From the line that includes "국어과 중등부 고등부 모집 안내" to the last line of the records that follow, copy every line exactly and nothing more, omitting pictures.

• Data to process:
------------------------------------------------------------------------

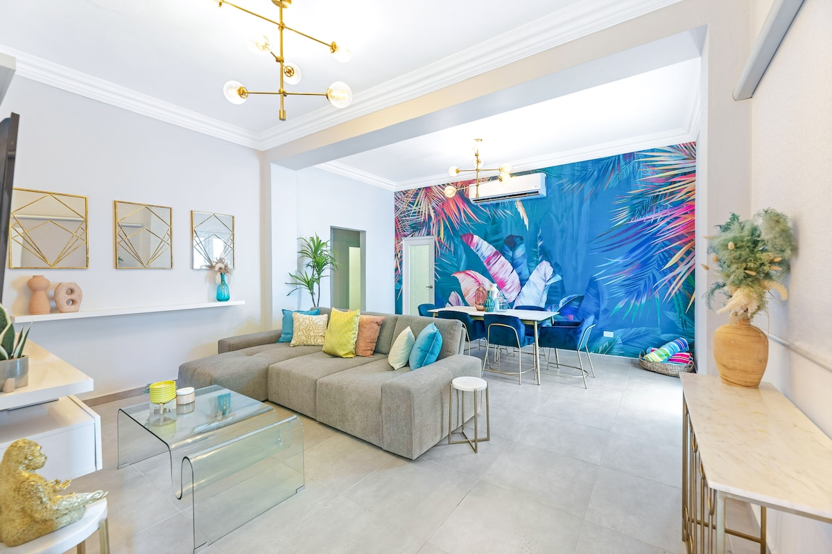 This unique place has its modern-minimalist and chic own style. Our gold decoration bring the space a elegant and sophisticate ambience, spacious, and well located location. Close to everything and at the same time feeling the greenery of our beautiful garden. Walking you have beach, pharmacy, supermarket, restaurants, District T-Mobile, convention center, hangout areas, rooftop and more. The apartment has 2 bedrooms, 1 bathroom, 1 kitchen and living room. There are beds for 6 people.
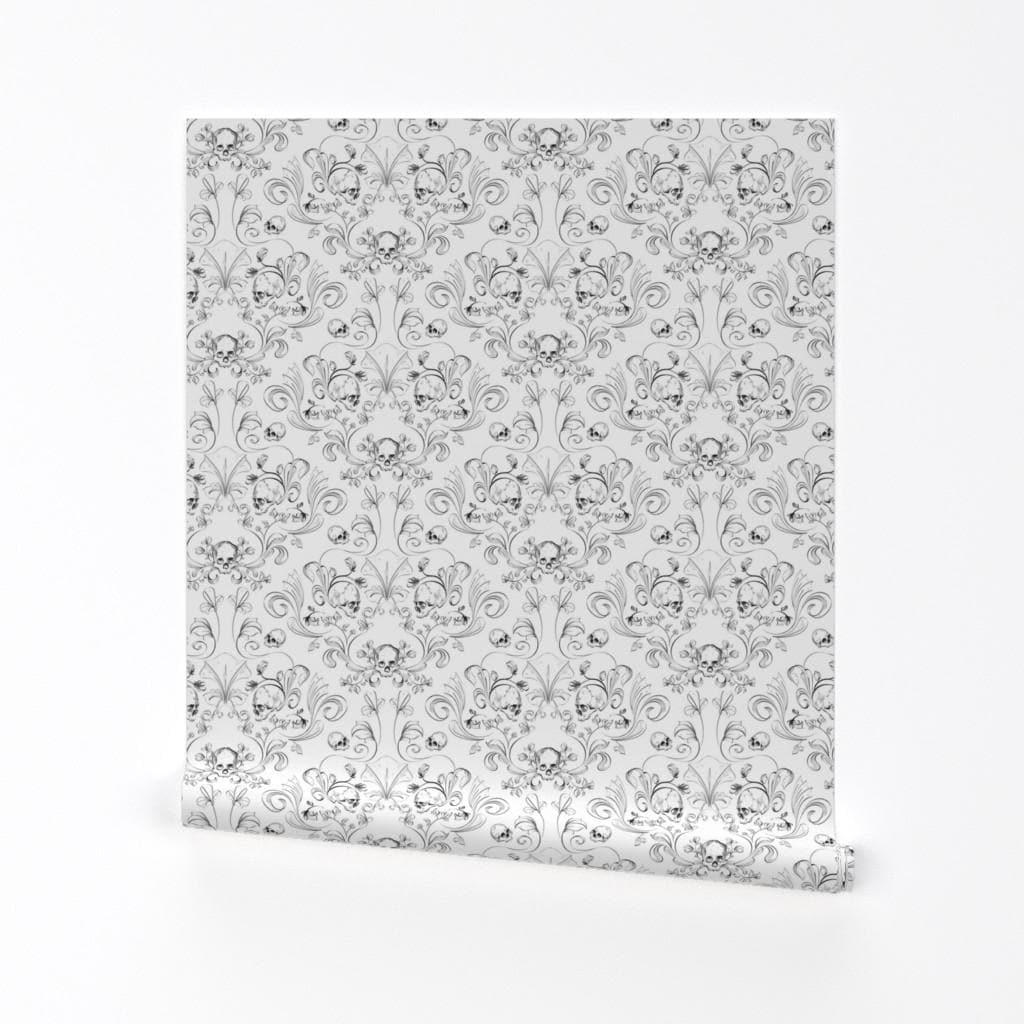Skull Wallpaper - Black And White Skull Damask By Lucaswoolleydesig...
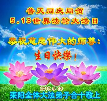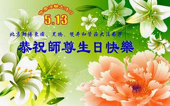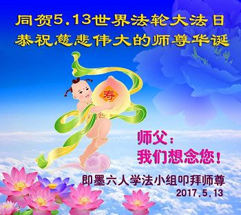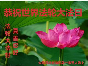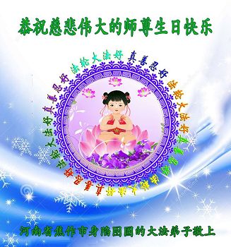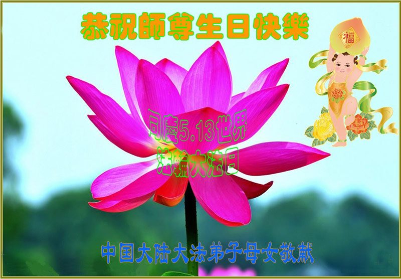 值此世界法輪大法日到來之際,恭祝師尊生日快樂!並向師尊叩拜!大法弟子非常想念師尊,衷心感謝慈悲偉大的師尊!我們會按師尊的教誨,走好最後的路!弟子合十!
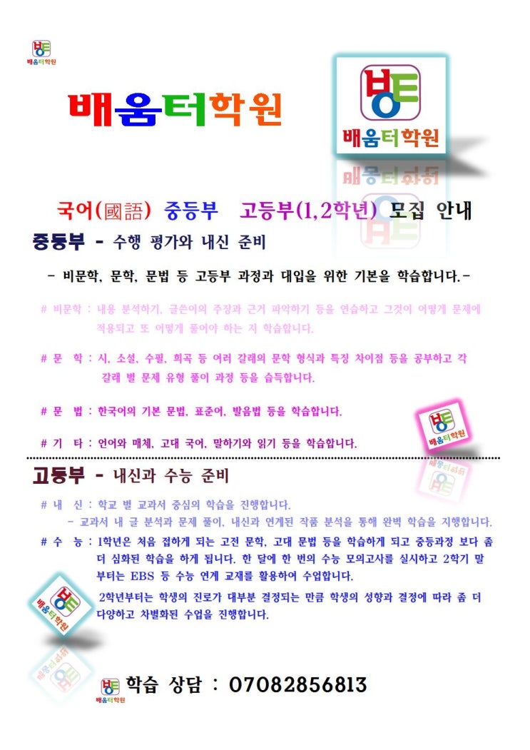 국어과 중등부 고등부 모집 안내
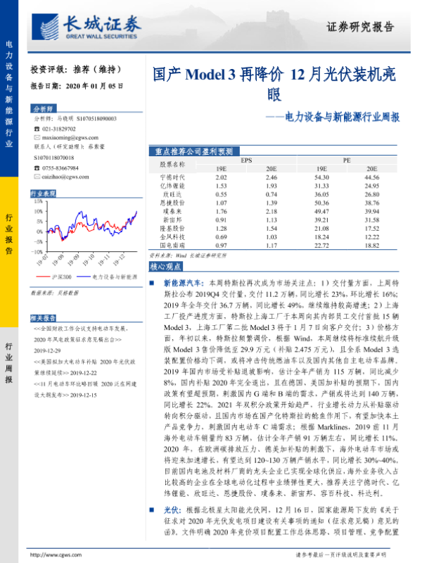 【长城证券】【20200105】20200105-长城证券-电力设备与新能源行业周报:国产Model3再降价 12月光伏装机亮眼-15页
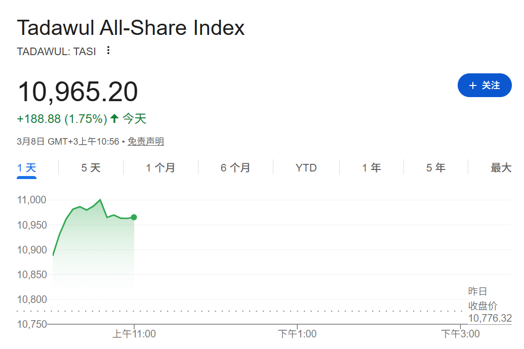 大家好,关注一下沙特股市的表现。(泰勒注: 沙特证券交易所的交易时间为周日至周四,因为当地人口通常将周五和周六视为休息的周末。 ) 3月8日,海湾地区股市普遍上涨,其中 沙特股指连续第五个交易日上涨 。此前, 沙特 方面警告伊朗称,如果针对沙特及其能源行业的袭击继续发生,沙特可能会采取对等回应。
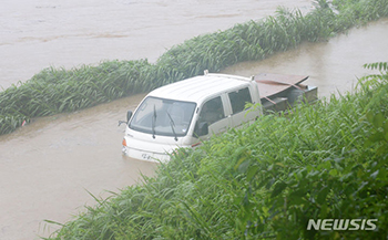 【NEWSIS】全羅北道のほとんどの地域で大雨警報が発令された14日、全羅北道全州市完山区の三川近くで、浸水した車。

------------------------------------------------------------------------

• Response to the task:
 국어과 중등부 고등부 모집 안내
 【长城证券】【20200105】20200105-长城证券-电力设备与新能源行业周报:国产Model3再降价 12月光伏装机亮眼-15页
 大家好,关注一下沙特股市的表现。(泰勒注: 沙特证券交易所的交易时间为周日至周四,因为当地人口通常将周五和周六视为休息的周末。 ) 3月8日,海湾地区股市普遍上涨,其中 沙特股指连续第五个交易日上涨 。此前, 沙特 方面警告伊朗称,如果针对沙特及其能源行业的袭击继续发生,沙特可能会采取对等回应。
 【NEWSIS】全羅北道のほとんどの地域で大雨警報が発令された14日、全羅北道全州市完山区の三川近くで、浸水した車。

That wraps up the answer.